Precision in language (and identity)

Posted on 5 October 2017

You’re writing a story about people living in Toronto. Do you refer to them as
a. Torontonians
b. Ontarians
c. Canadians
d. North Americans
Every answer is technically right. However, there are different levels of accuracy within each term.
If people in Toronto are voting for a new mayor you’d probably say “Torontonians are going to the polls” rather than “North Americans are going to the polls”, because it more precisely communicates the identity of the people you’re talking about.
I bring this up in the context of a column written by Melanie Lefebvre and Alicia Elliott for the Walrus titled ‘We Didn’t Choose to Be Called Indigenous.’ ((Elliott has said she doesn’t feel the title accurately reflects the purpose of the piece.)) It’s a meditation on the way in which Indigenous/Aboriginal/Native/Indian people have been given generic monikers over the years, rather than being referred to by their specific nation.

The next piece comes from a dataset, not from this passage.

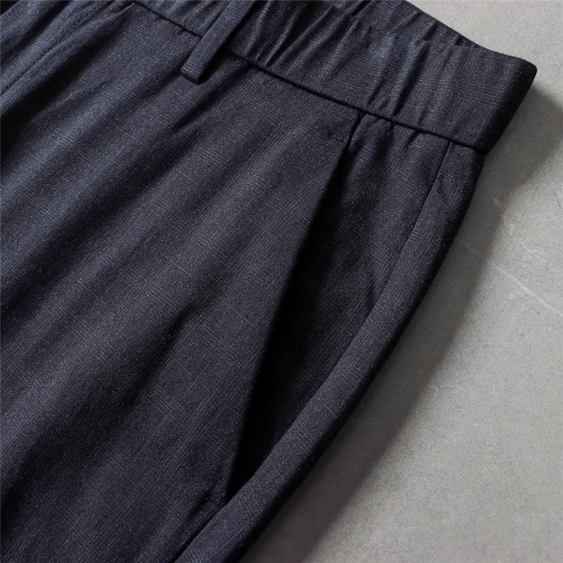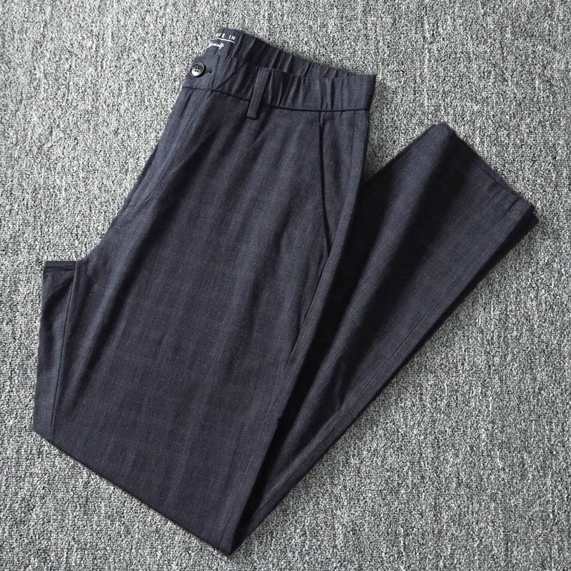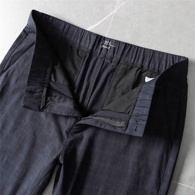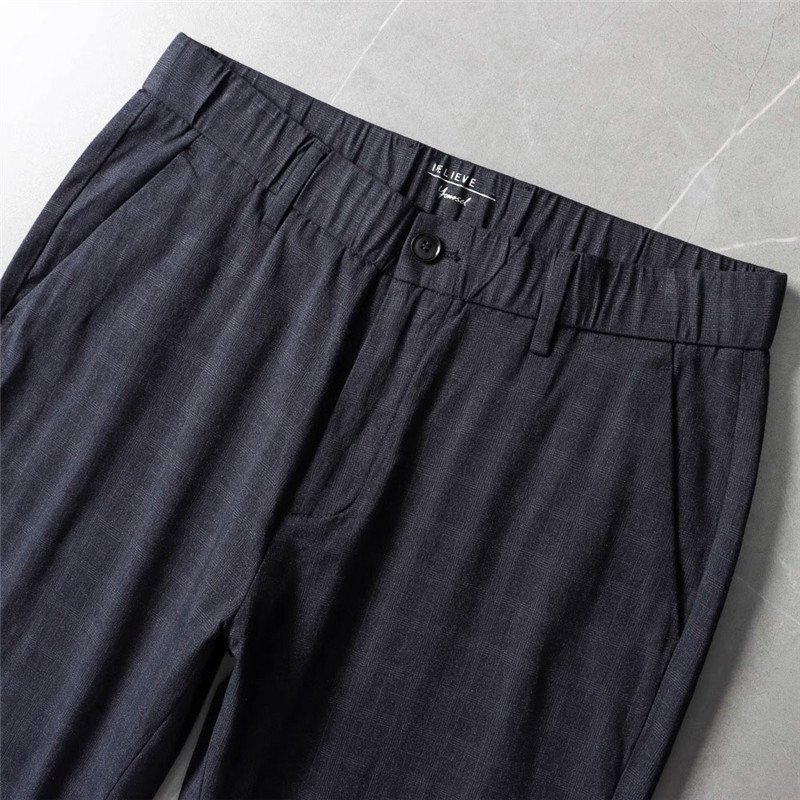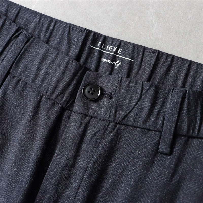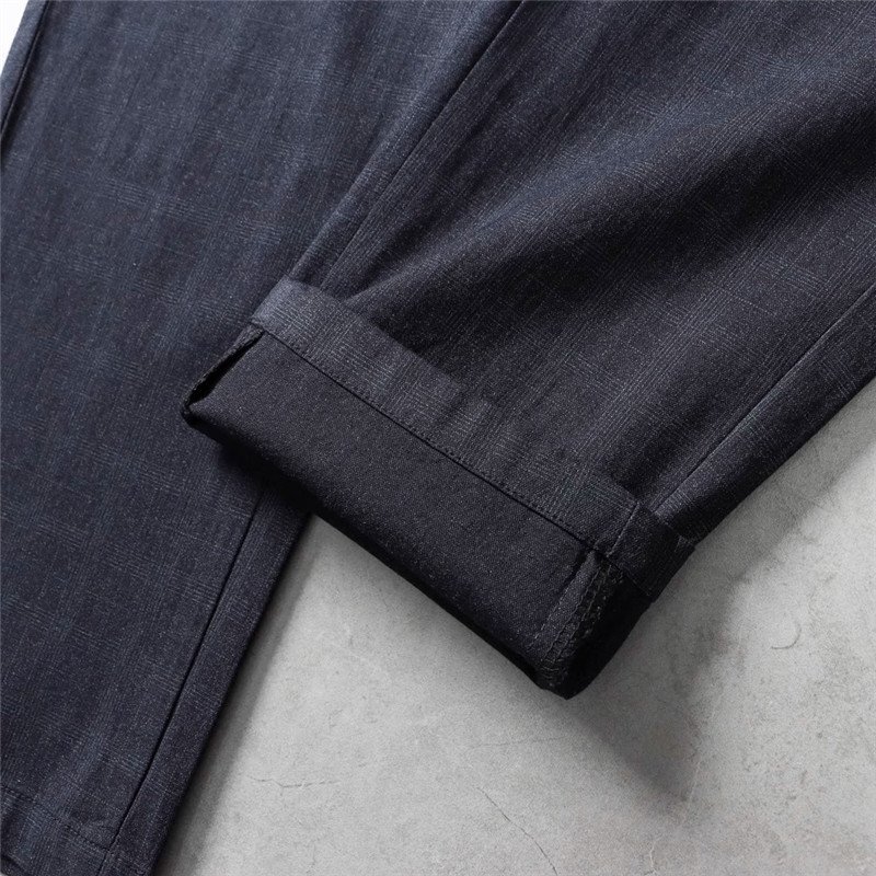 新品 DCKMANY メンズ スラックス テンセルモダール混 薄手 春夏 チェック柄 通気性 ストレートパンツ ロングパンツ/紺色T3054-4XL

“The continual refusal of Canada to acknowledge our names for ourselves, insisting instead on “Indian,” or later “Aboriginal,” or now “Indigenous,” has ideological roots in the same idea. We name you. We grant you your identity—or not. You are ours to name as we choose. “

By the end, they suggest some steps Canadians can take to take part in reconciliation, including, “Learn the treaty history of the lands that you live on. Learn how to say the names of the Indigenous nations who traditionally cared for those lands—in their language.”
In my read, it’s an ask to learn and think about Indigenous people not as a generic, catch-all category but in more specific ways: Dakelh are not Haida are not Annishnawbe any more than Albertans are Manitobans are Newfoundlanders or Canadians and Mexicans are Americans despite being part of North America. There is a certain amount of shared experience, but there are also unique historic and cultural characteristics that make more precise terms helpful.
However, in a somewhat less charitable reading, former Walrus editor Jon Kay summarized the piece this way:

In his subsequent replies, Kay makes clear it’s his belief Elliott and Lefebvre are arguing the word “Indigenous” is no longer an OK to use and are embarking in language policing:
“Ive read a LOT of pieces like this over last year. Lots of focus on labels. This one seems like a rhetorical ante-raise over the others.”
“In six months, there will be another preferred label. I’ll wait for that one.”
“the smallness is the problem. college students & social-justice activists think they’re saving the world by policing language on FB threads”
The thing is, I don’t understand where Kay’s reading of this piece comes from (I’ve asked him, he’s yet to reply).
One reason I don’t think Lefebvre and Elliott are attempting to prevent anyone from using the term “Indigenous” is because they use it themselves, multiple times in the piece.
They also specifically acknowledge the impracticality of referring to specific nations at all times, writing, “We could not be “The Hopitu-Oceti-Sakowin-Kanien’kehá:ka-Powhatan-Chahta-Annishnawbe-Beothuk,” and acknowledge there is some use in catch-all terms such as “Indigenous” to acknowledge shared/similar experience across groups as a result of the last 200 years or so.
The suggestion, as I read it, is simply to strive for the most accurate terminology possible when referring to Indigenous people: “Indigenous” works when referring to people from different nations, but if you’re speaking about an individual, find out which nation they belong to– how they self-identify– and use that.
It’s precision in language and it’s something I personally think is worth striving for.